Pharmacia Product Number: 27-0361-01
1. DNA used for ligation can be in water or TE buffer (10mM Tris-HCl, pH 8.0, 1mM EDTA).
2. Final volume of ligation must be 20ul. Otherwise, add RNase-free water to bring the volume up to 20ul.
3. Incubate the reaction at room temperature for 5 minutes.
4. Mix the reaction by pipetting up and down a couple times.
5. Centrifuge the tube at 14K rpm for 1 minutes to bring the contents to the bottom of the tube and remove bubbles created by pipetting.
6. Incubate the reaction at 16oC for 30 (cohesive-ended DNA) to 45 (blunt-ended DNA) minutes.
7. The ligase can be inactivated by heating at 70oC for 10 minutes.
8. Use 2ul of the ligation reaction for transformation of 100ul of competent cells. Larger volume than 2ul may affect transformation efficiency due to the stabilizer present in the reaction. If more than 2ul is required for transformation or electroporation is required, then salt precipitate the DNA as followed:
DNA Salt Precipitation
Add 5-13ul of 5M NaCl stock solution to make the ligation reaction NaCl concentration 1-2M.

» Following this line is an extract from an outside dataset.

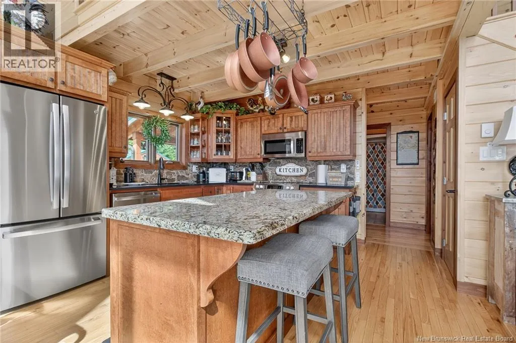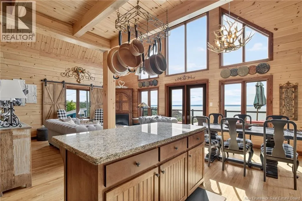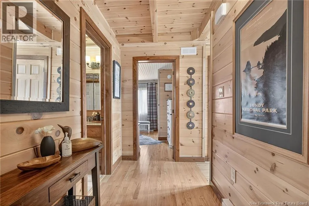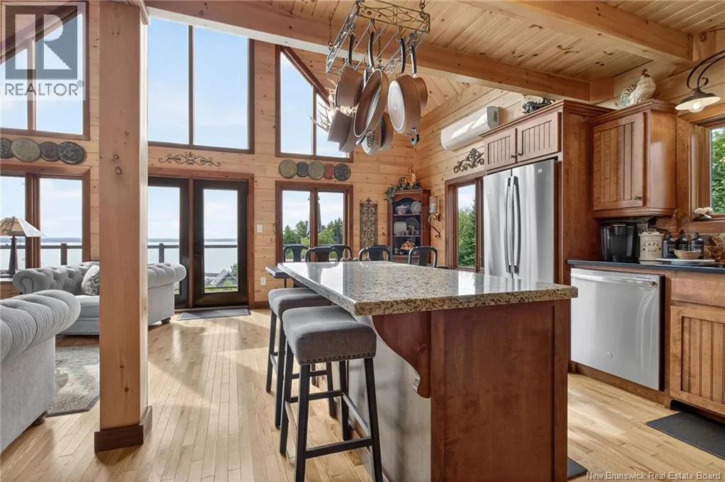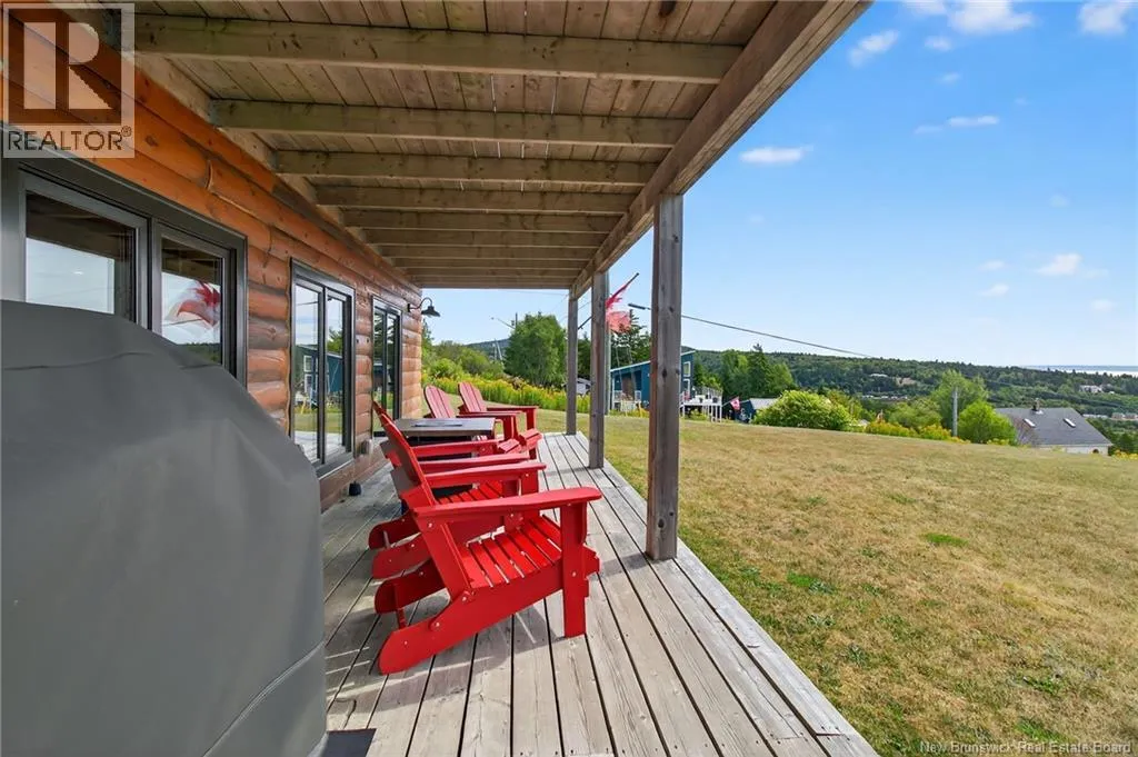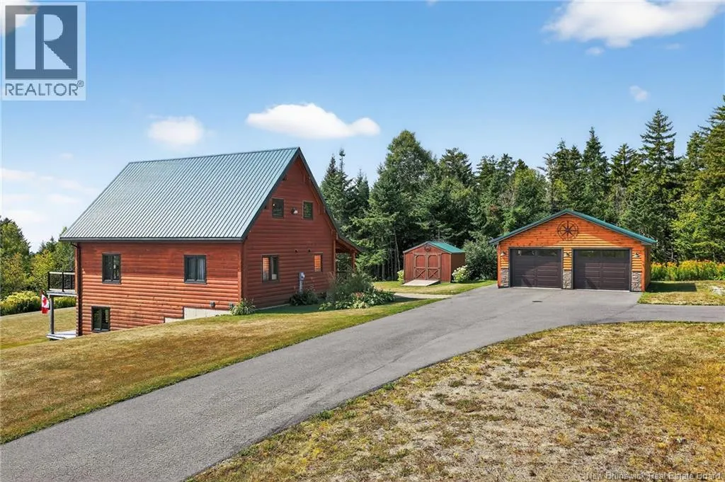 Up the hill on School st. Home to the left. *** INCREDIBLE VIEWS OF THE BAY OF FUNDY // 4 BEDROOMS and 3.5 BATHROOMS // OVER 1.5 ACRE LOT // GREAT POTENTIAL AS A SHORT-TERM RENTAL***Welcome to 127 School St. in Alma NB! This log chalet-style home BUILT IN 2018 offers breathtaking views of one of the 7 NATURAL WONDERS of NORTH AMERICA the BAY OF FUNDY. It provides a warm, inviting atmosphere with natural surroundings and privacy, yet close to everything Alma has to offer. Inside, the home features a main-floor bedroom, main floor laundry, hardwood floors and two 12-light antler chandeliers (2022) in the great room. The updated kitchen (2024) showcases QUARTZ/GRANITE COUNTERTOPS and high-end STAINLESS APPLIANCES (20222025), creating a bright, modern space. A MINI-SPLIT HEAT PUMP ensures year-round comfort, while the WALKOUT BASEMENT adds flexibility. The property includes: a WHOLE-HOME KOHLER PROPANE GENERATOR, a UV water system, a Level 2 EV charger (2024) and much more. Outdoor living features 3 patios/decks (one with glass panels), manicured perennials and areas to enjoy the views. Also included are an insulated oversized 2-car garage with half bath, storage shed and updated exterior lighting (2022). Located just 1.5 km from Fundy National Park, about 1 km from the BEACH and restaurants and steps from SNOWMOBILE AND OFF-ROAD TRAILS; this property offers the perfect blend of comfort, convenience and natural beauty! Book your private showing today and see all this ALMA GEM has to offer! (id:27476)

Add 2 volumes of RT 100% EtOH.
Vortex tube and place it at -70oC for at least 1 hr.
Centrifuge the tube at max speed for 10 minutes.
Carefully discard the supernatant.
Wash the pellet twice with 1mL of ice cold 70% EtOH. Centrifuge at max for 5 min & discard supernatant carefully each time.
Dry the pellet by placing the tube in the 37oC incubator for about 15 minutes.
Resuspend the pellet in water or TE buffer.